Afonso Henriques não actuou, porém, exclusivamente dentro da conjuntura portucalense ou peninsular. Aliás, no sentido de legitimar a sua dinastia, procura subtrair o País à órbita peninsular. Desenvolve uma política europeizante, seja por via da vassalagem à Santa Sé, das alianças matrimoniais, de acordos com cruzados, de relações estabelecidas com Templários, Hospitalários e Cistercienses ou ainda das viagens de D. João Peculiar e outros bispos portugueses à cúria romana; com o seu casamento com Matilde da Sabóia (filha do conde de Mauriana e Sabóia e sobrinha-neta de Raimundo da Borgonha).

No quadro peninsular, ao lado de tempos de conflitos armados, os reis de Portugal estabeleciam relações com os reis vizinhos sempre que necessitavam de apoio contra outros reis peninsulares ou contra os muçulmanos. Neste âmbito, do mesmo modo, a política matrimonial estava submetida a verdadeiras estratégias políticas, que passavam, frequentemente, por casar o primogénito com a herdeira de outro reino para solucionar um conflito ou selar uma aliança.

Por outro lado, a constituição da igreja portuguesa tinha conseguido que a resolução dos problemas pudesse fazer-se em Roma e não na Península. Assim aconteceu com Sancho I e Afonso II (mediação do papa nas lutas do rei com as irmãs e com o clero), com Sancho II, (deposto pelo papa), com Afonso III (acusado de bigamia: casara com Beatriz de Castela, sendo viva sua esposa Matilde de Bolonha) e com D. Dinis (lutas com o clero).

De todos, o caso mais grave, que pôs em perigo a sobrevivência do estado português, foi o da guerra civil de 1245-47, de que saiu vencedor o conde de Bolonha, depois rei D. Afonso III e irmão do rei deposto. Mas para tal, além da campanha militar, foi preciso vencer-se uma batalha diplomática. O perigo da intervenção de poderes exteriores, em face das dificuldades internas do país fez-se presente. Terá chegado a surgir a hipótese de a Coroa de Aragão ocupar legalmente o trono, uma vez que o infante D. Pedro, irmão de Afonso II e tio dos contendores, cedera os seus direitos a favor do rei D. Jaime de Aragão. Isto ao mesmo tempo que Afonso conde de Bologne era convidado a ir à Terra Santa. Uma coligação dos barões com os eclesiásticos ofereceu, porém, o reino a Afonso, irmão do rei deposto e seu legítimo sucessor, por falta de herdeiro directo. Por certo também o auxílio prestado pelo infante Afonso, futuro Afonso X de Castela, a Sancho II de Portugal na referida guerra civil de 1245-47, e a consequente promessa de cedência do Algarve, terá originado uma posterior conflituosidade latente e mesmo uma situação bélica entre o rei de Portugal e o rei de Castela (unida com Leão desde 1230), relativamente aos direitos sobre o Algarve.
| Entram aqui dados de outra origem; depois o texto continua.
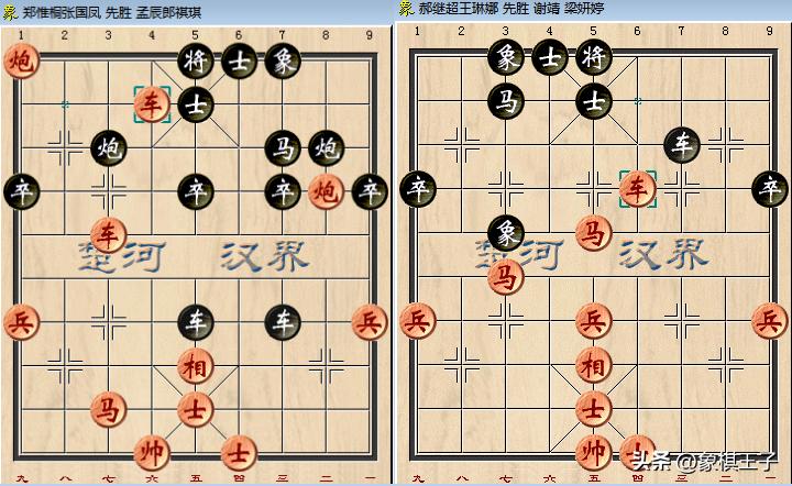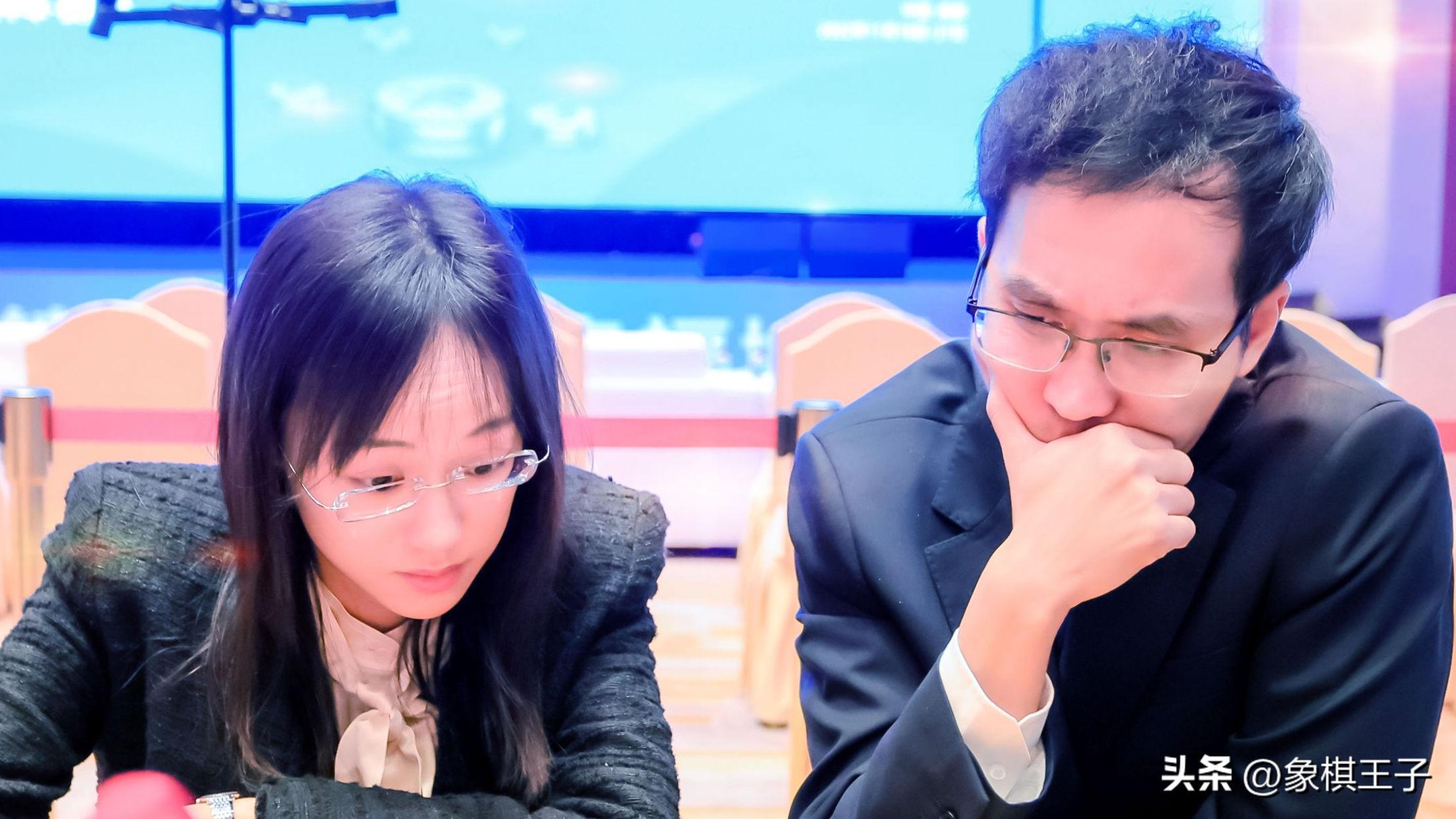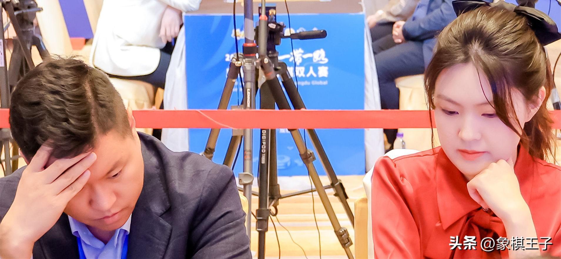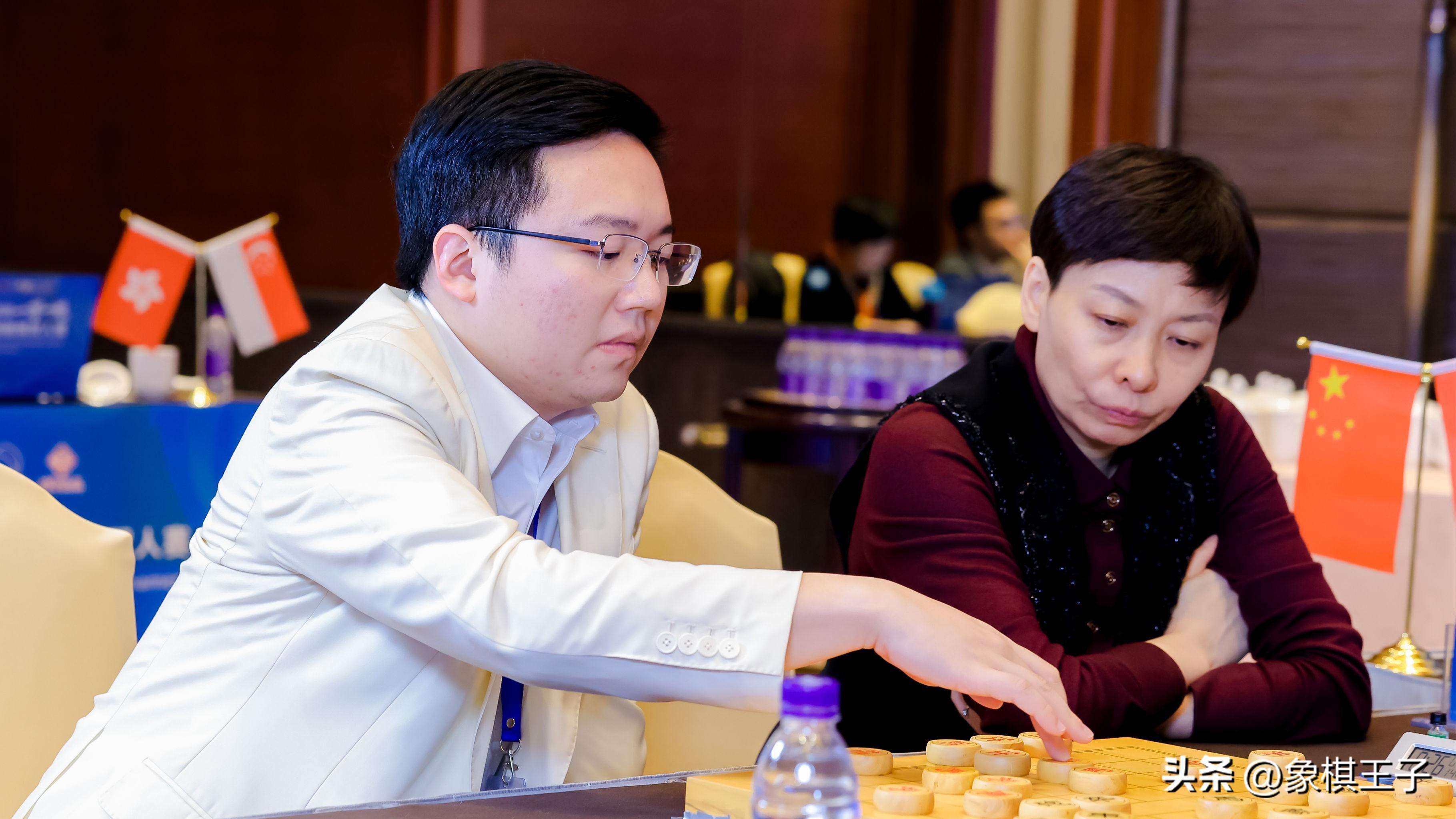 B組郝繼超王琳娜則是殘棋中,車馬局,巧奪對手謝靖梁妍婷一子,成爲贏家,其他戰局和。

Com Afonso III, para além da conclusão do ciclo da Reconquista, com uma expedição contra os muçulmanos detentores do Algarve, em Março de 1249, inicia-se um importante processo diplomático: o do esclarecimento sobre a posse legal do Algarve pela coroa portuguesa, que se vai realizar em conjunturas, peninsular e europeia, completamente diversas, entre 1250 e 1267.

 

A importância de D. Dinis

Por sua vez, D. Dinis, num momento em que em Portugal reinava a ordem pública e em Castela campeava a instabilidade governativa e os conflitos sociais, persistindo ainda uma conflituosidade latente entre os reis de Portugal e os reis de Castela, faz uma aliança com o reino de Aragão expressa no casamento com Isabel, filha de Pedro III o Grande. De facto, D. Dinis tirou partido da guerra com Castela para se apoderar de alguns territórios fronteiriços e para definir a fronteira com um rigor que não permitisse dúvidas no futuro. A sua preocupação com a fixação da fronteira manifestou-se ao proceder à demarcação dos limites, nos tratados e comissões mistas, na construção ou reparação de castelos fronteiriços e ainda no aperfeiçoamento do exército e do equipamento militar necessários à defesa. Beneficiando dos trunfos acumulados por seu pai e do poder material que ele próprio adquiriu, D. Dinis implanta solidamente o seu poder no interior do seu reino e fá-lo respeitar além-fronteira.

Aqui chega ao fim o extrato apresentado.